Training agent on SpaceInvaders with 3K episodes.
Surrogate clipping size: 0.1, rollout size: 100, num agents: 8, num network updates: 4, batch size: 800, training iterations: 4.
(1/4) Episodic Return: 0.65218,  Approx KL: -0.00013,  Total Loss: 0.16497,  Policy Loss: -0.00235,  Value Loss: 0.37043,  Entropy Loss: 1.78998,  Time taken: 1.69 secs.

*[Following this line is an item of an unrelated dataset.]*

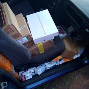 Durante busca nos veículos foi constatado que os carros estavam carregados de eletrônicos.

(2/4) Episodic Return: 0.71180,  Approx KL: -0.00021,  Total Loss: 0.10673,  Policy Loss: -0.01412,  Value Loss: 0.27722,  Entropy Loss: 1.77619,  Time taken: 1.49 secs.
(3/4) Episodic Return: 0.56792,  Approx KL: 2.44697,  Total Loss: -0.29434,  Policy Loss: -0.36546,  Value Loss: 0.15562,  Entropy Loss: 0.66896,  Time taken: 1.53 secs.
(4/4) Episodic Return: 0.13229,  Approx KL: -0.00001,  Total Loss: 0.00239,  Policy Loss: 0.00000,  Value Loss: 0.00477,  Entropy Loss: 0.00001,  Time taken: 1.50 secs.
Training complete. Access metrics from 'logger' attribute.